Me and a couple of friends rolled up characters for F.A.T.A.L once, and it was really horrible. Readig through that book is truly unsetteling. My char turned out as a seven year old girl with a C-cup, very big nipples, with a hymen resistance of 85%…

That book is among the most thinly veiled misogynistic, racist, rape-fantasy infested, incomprehensibly complicated, and truly silly crap I’ve ever read in my life. It’s astonishing someone actually created something like it.

What then is the rationale for blow-by-blow details of combat as is common in RPG games?

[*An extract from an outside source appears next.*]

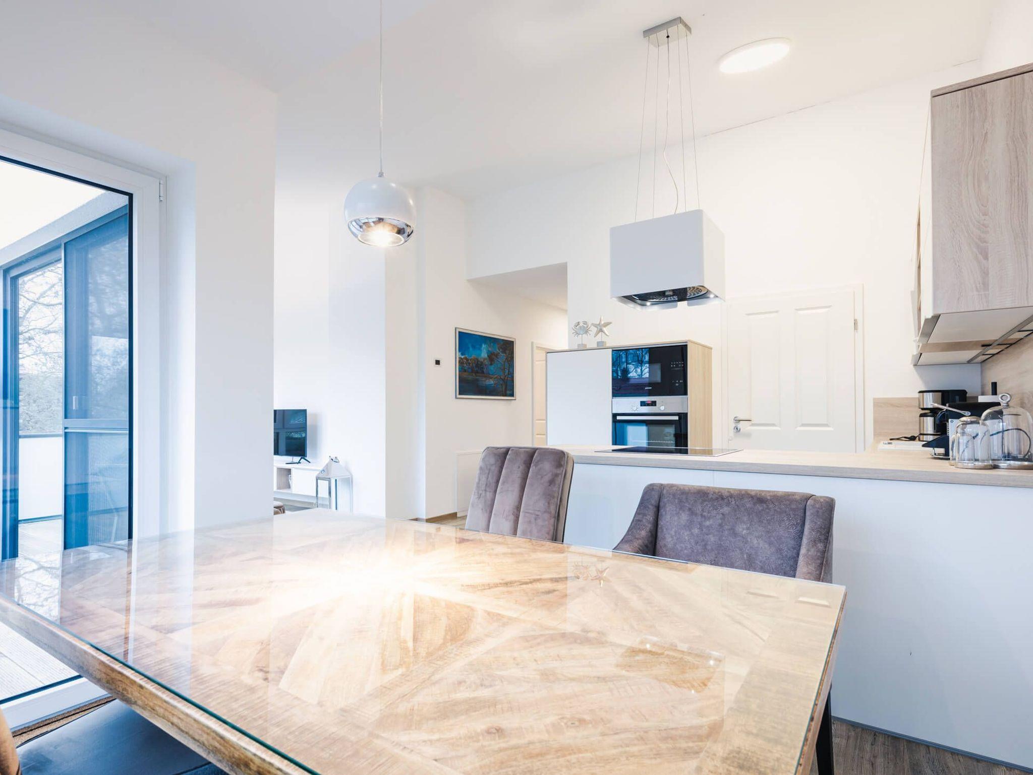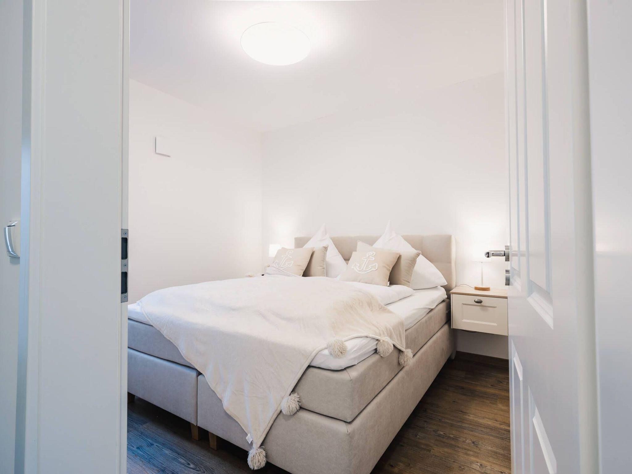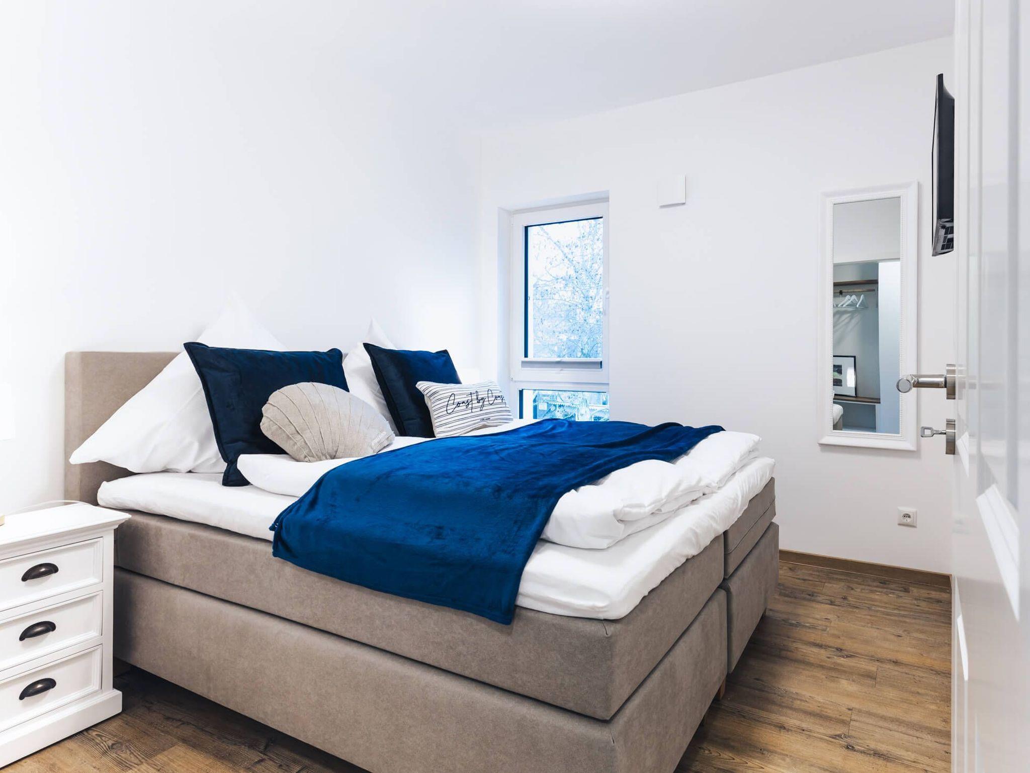 Die Ferienwohnung bietet zwei Schlafzimmer mit jeweils einem Boxspring-Doppelbett. Der geräumige Wohn- und Essbereich mit moderner und komplett ausgestatteter Küche ist offen gestaltet und lädt zu geselligen Stunden mit der Familie ein.

D&D never was blow by blow though - an unspecified amount of stuff was happening in melee which led to combatants’ hit points being depleted but everyone still functional and un-maimed until the last of those hit points ran out. Similarly in Champions, you got tagged by a blow or an energy blast, you took some combination of stunning and wounding damage (the latter generally rarely) and possibly got knocked across the map, but the rules system didn’t focus on things like bones breaking, internals rupturing, bleeding wounds, and so on. Abstract again, to cover the look and feel of a superhero-comic battle.

And in both cases, as a rule, after barely surviving something that should have seen you in need of hospitalization for weeks to come, you’d be reporting fit for duty in anything from minutes to hours, or possibly a few seconds with the best of care.

Also, the rules of my Caste almost oblige me to speak ill of the educational standards of any city that would allow anyone to perpetrate such a nonsense as “RPG games”… :smiley:

Because, sadly, to some players combat is the focus of the game. We call them ‘hack and slashers’. Also, because RPGs originally grew out of tactical simulations.